BEGIN MATERIAL FOR THIS TASK

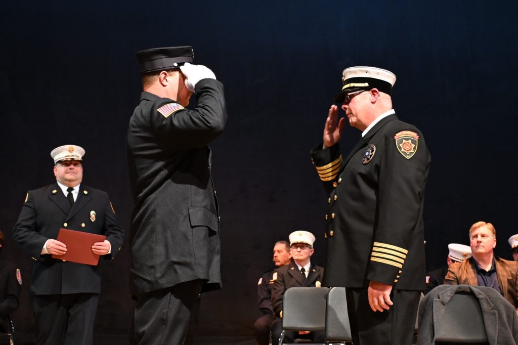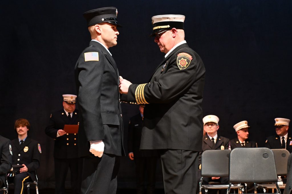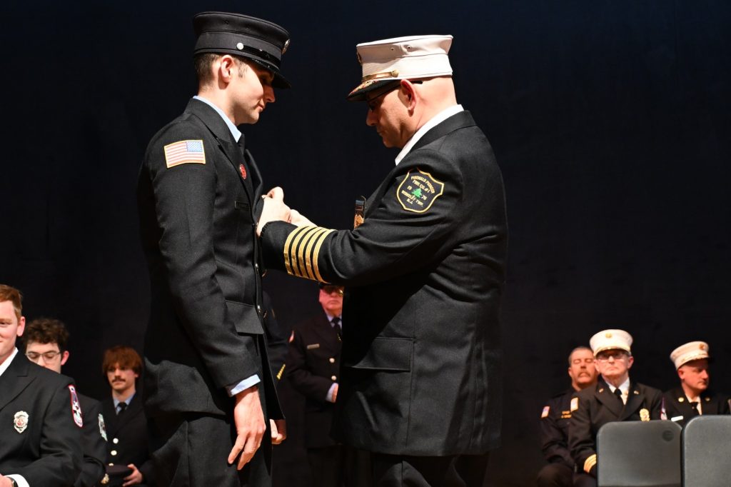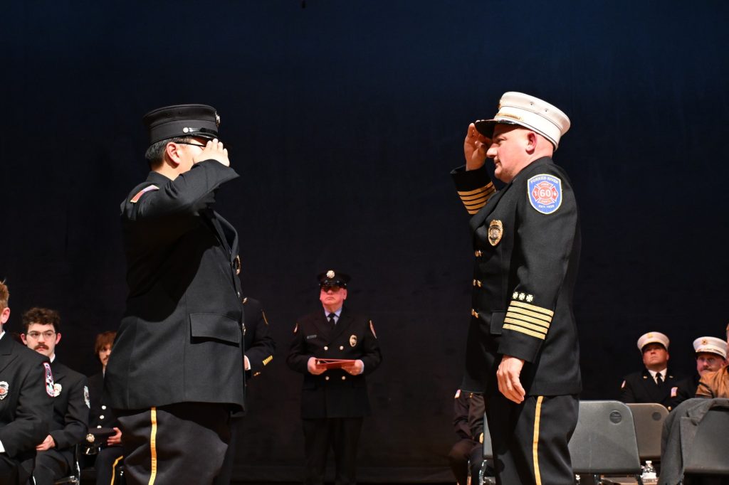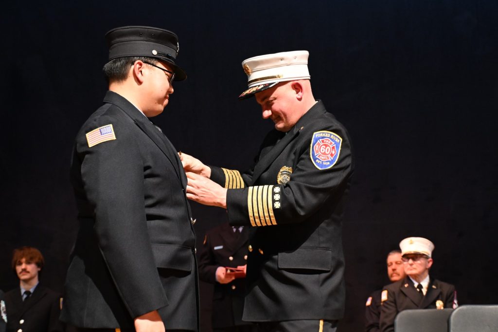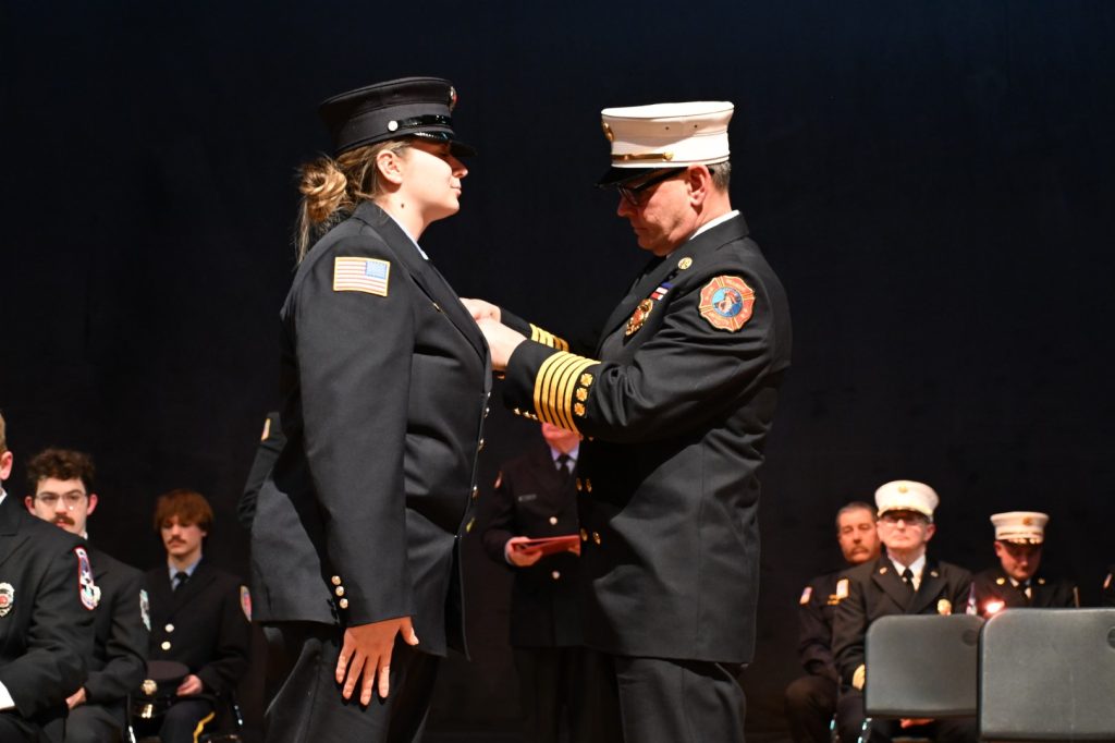 After completing the rigorous training required to serve their communities, 25 recruits received their respective volunteer fire company badge during graduation ceremonies on February 9 at Lacey High School. Surrounded by family, friends, instructors, and fellow first responders, the graduates marked the beginning of their service to communities across Ocean County. Manchester Mayor Joseph Hankins, also a past Chief of the Manchester Fire Department, delivered the keynote address, reflecting on the responsibility and honor that comes with the badge. Ocean County Commissioner Robert S. Arace congratulated the new firefighters on behalf of the Board of Commissioners. “Becoming a firefighter is not just about mastering skills or completing training, it is about earning the trust of your community,” said Arace. “That trust is earned, and tonight you’ve earned it and Ocean County is proud of you.”
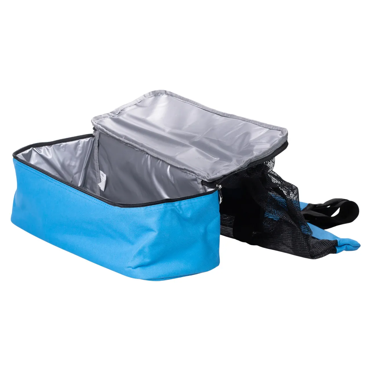 Пляжна сумка-холодильник, термосумка на 2 відділення для природи та пікніка 47×15×48 (см) Блакитна HP-14-25BL є зручним і стильним аксесуаром, що поєднує в собі функції пляжної сумки та ізотермічного контейнера. Вона розроблена для комфортного зберігання і транспортування як особистих речей, так і продуктів зі збереженням їх свіжості та прохолоди.
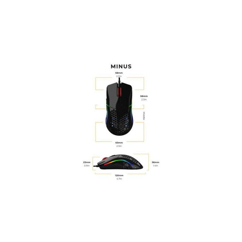 The most comfortable lightweight RGB gaming mouse comes in at just 58g in a superlight honeycomb design. Built to last, with 20M click-rated Omron switches, in an Ambidextrous shape. Its impossibly lightweight frame contains a full suite of ultra-premium features.<br>Glorious Gaming Glorious Model O- Mouse Glossy (Black). Form factor: Right-hand. Movement detection technology: Optical, Device interface: USB Type-A, Movement resolution: 3200 DPI, Buttons type: Pressed buttons, Buttons quantity: 6, Scroll type: Wheel. Illumination colour: Multi. Power source: Cable. Product colour: Black
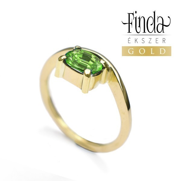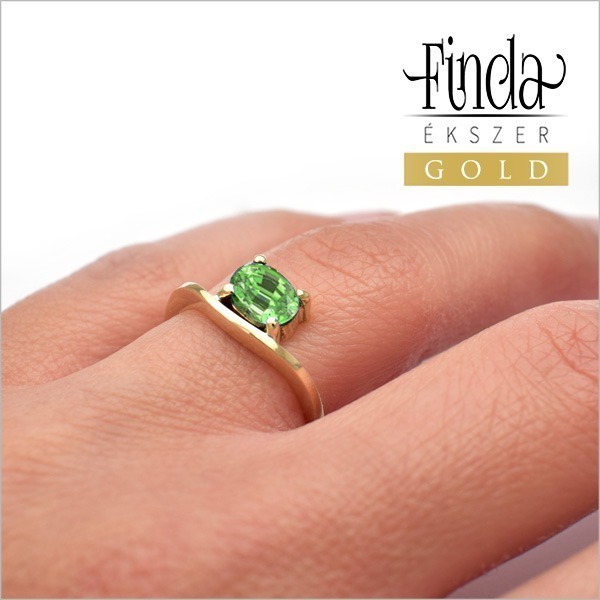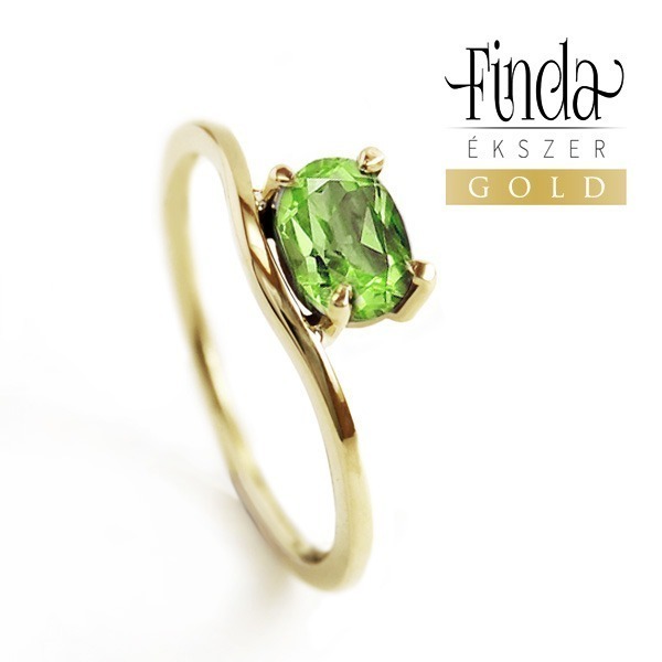Kézzel készült 14 karátos sárga arany eljegyzési gyűrű peridottal/olivinnel.
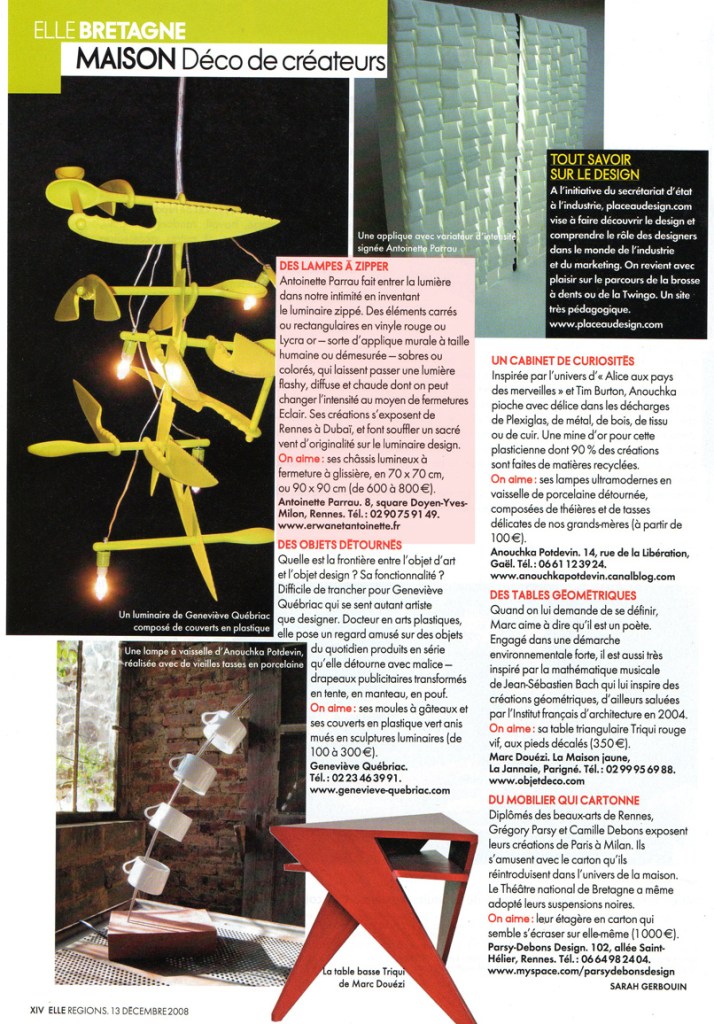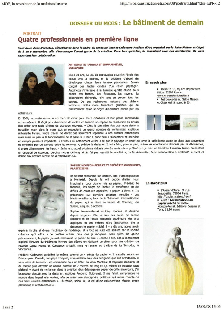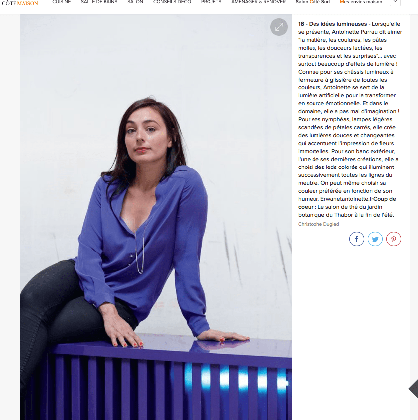 Sortie de l’Ecole régionale des Beaux Arts de Rennes (DNSEP, 2004 ), Antoinette Parrau a développé un travail d’autoédition présenté sur de nombreux salons du design. Biennale internationale de design de Saint Etienne en 2006, Maison & Objet sur les talents à la cartes en 2007, Scènes d’intérieurs 2008, ou le salon du meuble de Milan sur le Satellite en 2007. À la suite de ce travail d’édition, Antoinette Parrau développe des recherches autour de la manipulation de la lumière pour lesquels le Centre National des Art Plastiques lui attribue une allocation de séjour et de recherches (2009). Antoinette Parrau traite de la lumière colorée dans l’espace urbanisé avec les bancs lumineux proposés pour Nuit Blanche à Mayenne et exposés dans la cours 40mcube Rennes en 2011. Antoinette Parrau traite la lumière colorée comme des paysages lumineux dans l’espace domestique. Elle utilise la lumière pour prolonger l’ imaginaire et inspirer un bien-être comme être face à la mer. Elle exprime la lumière comme une source de confort émotionnel.

END MATERIAL FOR THIS TASK

■ PROBLEM REQUIREMENTS:
Each entry above must come back exactly as written. Drop the images.

■ OUTPUT OF THE EXERCISE:
 After completing the rigorous training required to serve their communities, 25 recruits received their respective volunteer fire company badge during graduation ceremonies on February 9 at Lacey High School. Surrounded by family, friends, instructors, and fellow first responders, the graduates marked the beginning of their service to communities across Ocean County. Manchester Mayor Joseph Hankins, also a past Chief of the Manchester Fire Department, delivered the keynote address, reflecting on the responsibility and honor that comes with the badge. Ocean County Commissioner Robert S. Arace congratulated the new firefighters on behalf of the Board of Commissioners. “Becoming a firefighter is not just about mastering skills or completing training, it is about earning the trust of your community,” said Arace. “That trust is earned, and tonight you’ve earned it and Ocean County is proud of you.”
 Пляжна сумка-холодильник, термосумка на 2 відділення для природи та пікніка 47×15×48 (см) Блакитна HP-14-25BL є зручним і стильним аксесуаром, що поєднує в собі функції пляжної сумки та ізотермічного контейнера. Вона розроблена для комфортного зберігання і транспортування як особистих речей, так і продуктів зі збереженням їх свіжості та прохолоди.
 The most comfortable lightweight RGB gaming mouse comes in at just 58g in a superlight honeycomb design. Built to last, with 20M click-rated Omron switches, in an Ambidextrous shape. Its impossibly lightweight frame contains a full suite of ultra-premium features.<br>Glorious Gaming Glorious Model O- Mouse Glossy (Black). Form factor: Right-hand. Movement detection technology: Optical, Device interface: USB Type-A, Movement resolution: 3200 DPI, Buttons type: Pressed buttons, Buttons quantity: 6, Scroll type: Wheel. Illumination colour: Multi. Power source: Cable. Product colour: Black
Kézzel készült 14 karátos sárga arany eljegyzési gyűrű peridottal/olivinnel.
 Sortie de l’Ecole régionale des Beaux Arts de Rennes (DNSEP, 2004 ), Antoinette Parrau a développé un travail d’autoédition présenté sur de nombreux salons du design. Biennale internationale de design de Saint Etienne en 2006, Maison & Objet sur les talents à la cartes en 2007, Scènes d’intérieurs 2008, ou le salon du meuble de Milan sur le Satellite en 2007. À la suite de ce travail d’édition, Antoinette Parrau développe des recherches autour de la manipulation de la lumière pour lesquels le Centre National des Art Plastiques lui attribue une allocation de séjour et de recherches (2009). Antoinette Parrau traite de la lumière colorée dans l’espace urbanisé avec les bancs lumineux proposés pour Nuit Blanche à Mayenne et exposés dans la cours 40mcube Rennes en 2011. Antoinette Parrau traite la lumière colorée comme des paysages lumineux dans l’espace domestique. Elle utilise la lumière pour prolonger l’ imaginaire et inspirer un bien-être comme être face à la mer. Elle exprime la lumière comme une source de confort émotionnel.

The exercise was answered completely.